Motri. vol.13 no.4 Ribeira de Pena dez. 2017

https://doi.org/10.6063/motricidade.11730 

ARTIGO ORIGINAL

 

Peak oxygen uptake differentiates competitive from recreational male surfboard riders

 

 

Nuno Almeida1,2*, Joana Reis1,2,3, João Beckert4, Miguel Moreira2,5, Francisco Alves1,2

 

1 CIPER - Faculty of Human Kinetics - University of Lisbon, Lisbon, Portugal
2 Faculty of Human Kinetics – University of Lisbon, Lisbon, Portugal
3 Universidade Europeia, Laureate International Universities, Lisbon, Portugal
4 Faculdade de Ciências Médicas – Universidade Nova de Lisboa, Lisbon, Portugal
5 SPERT Lab – Faculty of Human Kinetics – University of Lisbon, Lisbon, Portugal

 

 


ABSTRACT

The purpose of this study was to verify if competitive performance status was associated to different levels of specific aerobic fitness in Portuguese surfboard riders. Six recreational surfers (age: 32.3±3.1 years; body mass: 73.2±7.8kg; height: 1.75±0.05m) and six competitive international level surfers (age: 25±8.4years; body mass: 68.5±3.8kg; height: 1.74±0.05m) performed a maximal continuous incremental paddling test consisting of two-minute steps starting at 20W, with increments of 10W, for determination of peak oxygen uptake and maximal aerobic power. Ventilatory threshold and respiratory compensation point with corresponding heart rate and power output were also determined. Elite surfers presented higher values for peak oxygen uptake (43.6±7.9 ml.kg-1.min-1) than recreational surfers (31.1±7.4 ml.kg-1.min-1, p=0.01) however, there were no differences (p> 0.05) between groups for maximal aerobic power (elite: 76.6±18.6W; recreational: 76.6±16.6W). No significant differences between the power output at which ventilatory threshold or respiratory compensation point occurred but elite surfers reached ventilation threshold with 22.5±5.8 ml.kg-1.min-1 which was significantly higher than recreational surfers (16±3.7 ml.kg-1.min-1). These findings show that elite surfers have higher values of peak oxygen uptake than recreational surfers which suggest a higher aerobic adaptation that may be related to the different amount of exercise volume undertaken.

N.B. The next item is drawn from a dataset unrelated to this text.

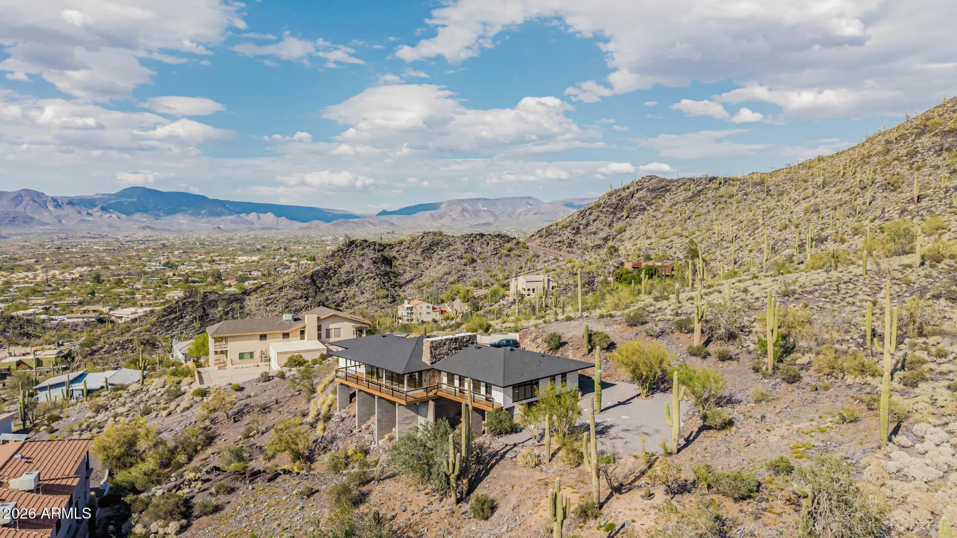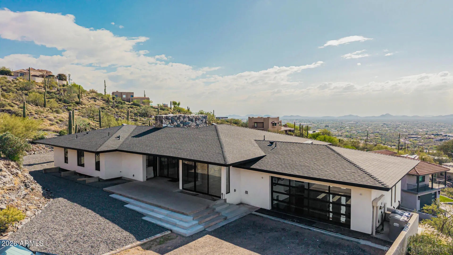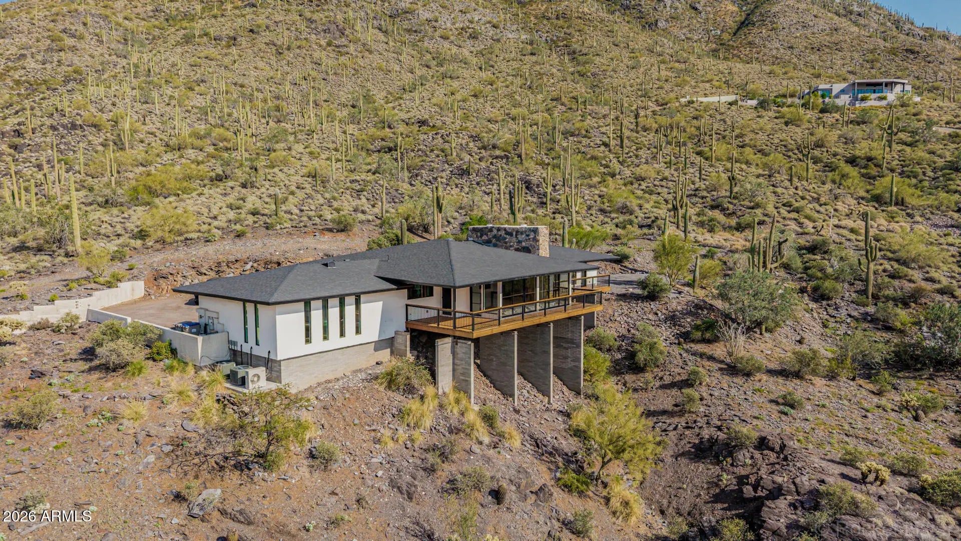 Perched on dramatic view piers high on Black Mountain in Cave Creek, this rare, fully remodeled Desert Contemporary retreat offers a true open-concept layout, panoramic 360° mountain vistas, expansive floor-to-ceiling windows protected by deep overhangs for energy efficiency. Seamless indoor-outdoor living designed to capture light, privacy, and breathtaking Arizona desert views from every angle. Gorgeous new designer kitchen features luxury Fisher & Paykel appliance suite, Namibia granite counters, and sommelier-level wine storage. Unique wine cellar in living area featuring wooden floors and custom LED lighting. Luxurious new bathrooms appointed with premium Japanese TOTO water-saving toilets that blend advanced technology with sleek, spa-inspired designs. Read on for more: NOTE: New outdoor decking, new driveway, and new exterior walls will be completed on this exceptional property by mid-April 2026. Home was fully reimagined with a design by Spry Architecture, completed in 2026, featuring beautiful hardwood and Italian tile throughout, high end designer finishes, new roof, two new HVAC units (plus one new mini-split system for garage), all new windows, nearly all-new plumbing and electrical. The clean, minimalist lines of this striking home accentuate the magnificent views from every room. Large glass sliders on both sides of the home help create a feeling of openness, allowing you to fully appreciate the peaceful, beautiful desert surroundings. Sit and relax on your private outside deck and take in truly awe-inspiring sunsets. The spacious two car garage with expansive views, glass coat epoxy floors, air conditioning, and LED light package is ideal for the car enthusiast or hobbyist. The home is perfectly located close to hiking trails on Black Mountain, as well as in nearby Spur Cross Ranch Conservation Area, ideal for those seeking outdoor adventure. Unique shopping and entertainment close by in Cave Creek and Carefree, both locations enhancing your unique desert living experience in this truly exceptional property.

Keywords: Surf, water activities, oxygen consumption, ventilation, lactic acid.


 

 

INTRODUCTION

Surfing has emerged as one of the most popular sports of the last decade and the number of participants has increased dramatically (Loveless & Minahan, 2010a). Despite the popularity of competitive and recreational surfing there is a lack of research on the physiological characteristics of surfboard riders (Mendez-Villanueva & Bishop, 2005).

The activity of surfing (competitive and recreational) is comprised of three major tasks, paddling out from shore, popping up on the surfboard and (actual) wave ridding (Loveless & Minahan, 2010a) which are repeated several times during a surfing session. The analysis conducted by Farley, Harris, and Kilding (2012) showed that competitive surfers spend on average 54% of their time paddling and only 8% actually riding waves. This phenomenon had been previously described by other authors in both recreational and competitive settings with similar results (Meir, Lowdon, & Davie, 1991; Mendez-Villanueva, Bishop, & Hamer, 2006).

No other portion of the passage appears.